Although, these literature give us the basis of contractual labour hiring practices, but they do not mention much about the productivity perspective. Dibyendu Maiti and Sugata Marjit (2011) gave an overview of the productivity and subcontracting issue for a developing economy, this research study will only deal with the Indian automobile sector as its primary domain.

Research Design and Methodology

Starting with a simple framework of a firm, which has two alternatives to hire labourers, i.e. either using subcontracting way at a lower cost or it can go for permanent employment of labourers. The formal wage structure is determined exogenously at each level whereas the contractual labourers’ wages are determined endogenously by the market and using the bargaining power of the contractor. Also assuming, is the fact that contractual labour wage rate do not adjust rapidly in the short run. In case of a rise, in the wage rates of the permanent labourers the firm would go for contractual hiring, thereby increasing the demand for temporary labourers in turn leading to an increase in wages. In the short run time period, if the contractual wage rises, the firm would opt for the existing permanent labourers, which again leads to an increase in the demand for permanent labourers. With this relation between the wages of both the contractual and permanent labourers, we can establish the fact that the contractual wage and permanent wage would be correlated.
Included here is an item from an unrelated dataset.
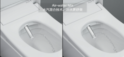 吉博力Spina Square滨娜一体式智能挂厕,提供轻柔的水氧混合冲洗功能,混合了水流与空气的比例,并且通过周期性的7s热水和3s冷水交替冲洗,有效促进血液循环,带来舒适冲洗体验。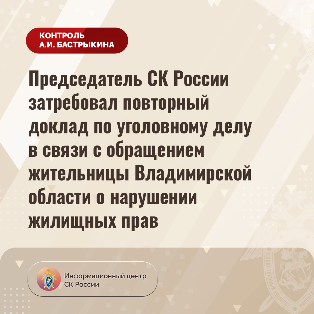 Председатель СК России затребовал повторный доклад по уголовному делу в связи с обращением жительницы Владимирской области о нарушении жилищных прав

Although from a long run view, the contractual wage is adjusted by the market forces. The net effect of the above interactions between the contractual and permanent wage determines the level of wage and employment in a particular sector.

In order to analyse the study, information from secondary sources of Indian database is collected. With these dataset, and to establish a significant relationship between the wages and productivity regression analysis has to be done. The study takes the annual emoluments for hired workers in Non-Directory Manufacturing Establishments (NDME) documented by National Sample Survey Organisation, Government of India and annual emoluments of the various factory workers documented by Annual Survey of Industries, Government of India, Society of Indian Automobile Manufacturers (SIAM) and Automobile Component Manufacturers’ Association (ACMA). Running pooled OLS regression with state and time as dummy variables and panel GLS regressions to estimate the relationship between contractual wage and formal productivity, and formal wage and formal productivity controlling other variables. With the results for the regression analysis it can be showed that the correlation between formal wage and formal productivity is not statistically significant, while for the formal productivity and informal wage it is highly significant and with the GLS panel regression, it can be proved that formal productivity is highly affected by informal wage.

The formal or the permanent workers’ sector does not necessarily affect the contractual workers’ sector in the long term. If the permanent wage increases, the firm will transfer its production activities from its in house permanent sector to external contractual sector which leads to two effects on the contractual wage rate. Firstly, a substitution effect would raise the demand for contract labours. The discharged labours from the formal sector due to shortage of production would also supply more labour. Therefore, the net effect remains ambiguous. If the contract labour sector have a net positive demand for labours, it would increase the employment and it would raise the informal wage when the economy is at its full employment level. Again, if net demand is negative, it might also reduce the contractual wage. This situation alters the efficiency gain of permanent labours and also brings down the condition for the contract sector. Thus a developing economy or an economy with a higher number of poor populations will have less productive permanent sector. This indicates that when a society has a greater number of poor informal workers, those who are fortunate enough to land up with relatively high-wage jobs may not be as productive as they would be in a society where access to the low wage informal segment restricted.